Julio Pérez-Tabernero Population, fils de Fernando et de Pilar Población Del Castillo.  Son père était un matador Fernando, son oncle et son oncle Alipio aussi Juan Mari Perez-Tabernero était ....... matador Pour sa part n'a jamais eu lieu au stade Juillet des fêtes de charité.  L'art de l'éleveur consiste à toujours respecter l'identité de ses taureaux. En ne perdant rien de sa génétique et en améliorant ce qu'il peut.

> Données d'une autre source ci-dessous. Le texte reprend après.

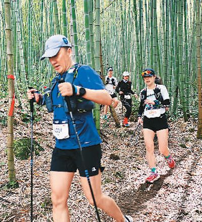 Participants compete in the Ultra-Trail Ninghai in Ninghai county, Ningbo city, east China's Zhejiang Province. (Photo/You Caibin)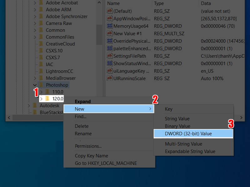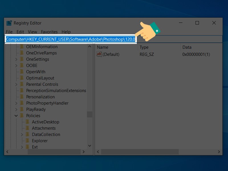 Step 2: Go to the path: \HKEY_CURRENT_USER\Software\Adobe\Photoshop\120.0.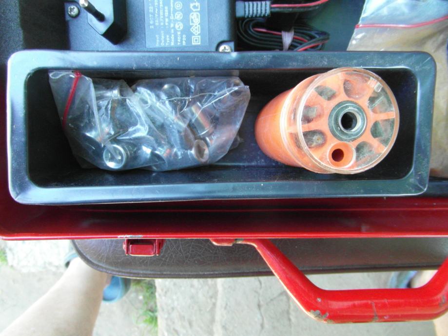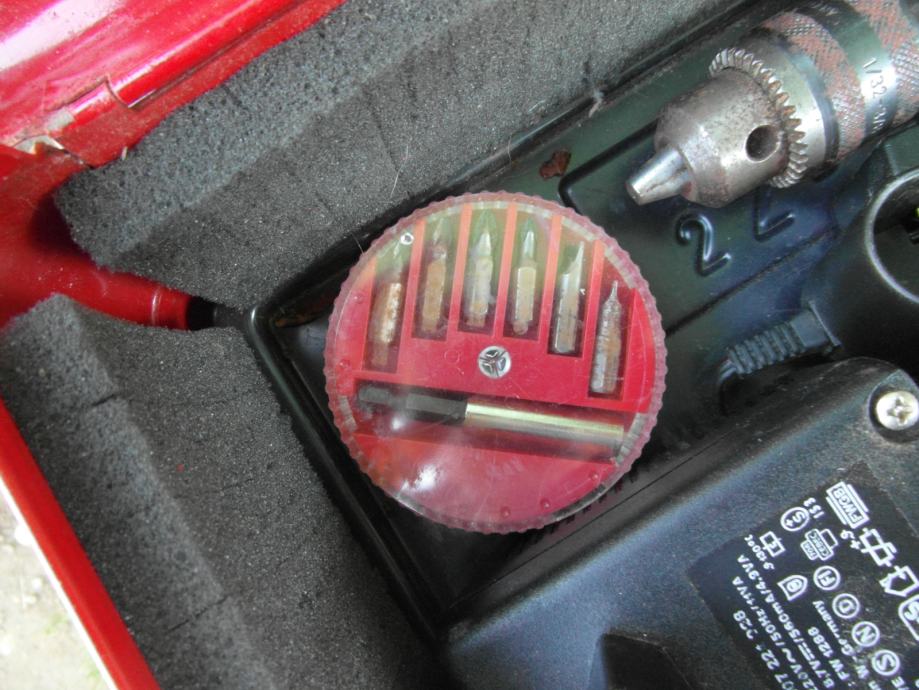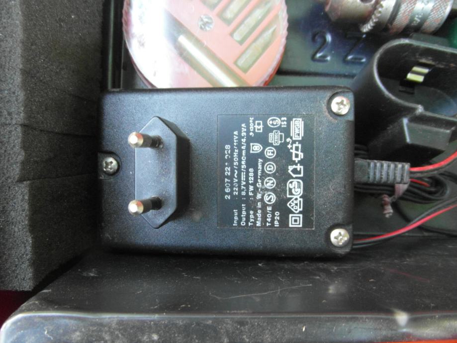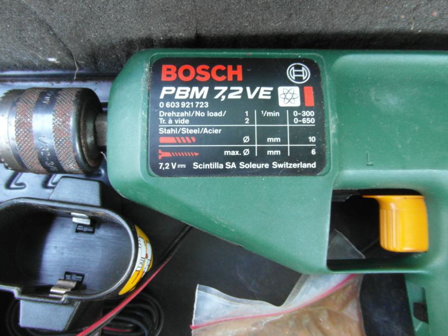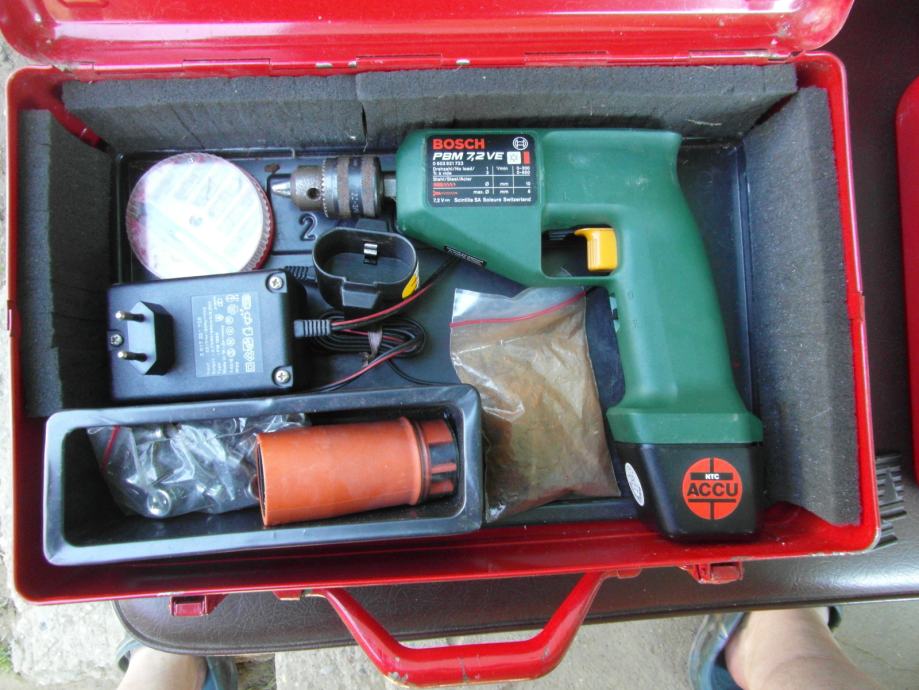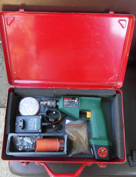 Bušilica u kuferu sa punjačem.Bušilica radi,baterija se može puniti,ali je slabija.S novom baterijom mislim da bi još dugo radila. U kompleu boreri i gedore nastavci.

A propos de votre Santa Coloma, Julio sait que les taureaux sont égaux à tous égards à ce qui était le grand don Graciliano, puis son frère Alipio.  "Mesonero" et "Cristalino" et "Hornero" ont jeté les bases de cet encastre.  Mais ... que peut faire Julio, si ses taureaux ne sont plus à la mode, comme ils l'étaient dans le passé?  En 1920, quatre ans après qu'il a fait Paco Pérez Don Gracilian « groin » -Tabernero achète le Conde de Santa Coloma cent trente cinq vaches et deux étalons. Avec une extrême rigueur, Don Graciliano mesure son honneur dans la bravoure de ses taureaux. Quelques vaches avec du fer Albaserrada, mais la plupart étaient des ybarreñas. Des deux étalons "Mesonero" ont eu le fer de Santa Coloma et "Cristalino" le d'Albaserrada. Cela n'a pas laissé beaucoup de progéniture, mais les deux ont bien lié l'un avec l'autre. « Aubergiste » avec les filles de « Crystalline » et vice versa, et « Mesonero » était le bétail étalon pendant 16 ans et a laissé environ 1.150 jeunes.  La grandeur du bétail de don Graciliano explique aussi sa générosité.  Un jour, son ami Manuel Arranz Don lamentait Graciliano comme leur bétail, la caste a plongé en chute libre, et deux Graciliano lui a envoyé un eral « Flibustier » et a été celui qui a fait le grand ranch de Don Manuel Arranz, son fils, Don Manuel est mort a été contraint de vendre leur bétail en 1976, le bétail était huit frères et le pâturage agricole hérité de la fille aînée de Don Manuel. La fille unique de son premier mariage. Manolito "el inglés" comme on l'appelait, vendu à M. Ramón Sánchez  Don Graciliano a vendu en 1940, à M. José Escolar, qui a pris son bétail dans le marais.  Mais ... je me demande ......: qui se soucie aujourd'hui des grands graciliano d'hier?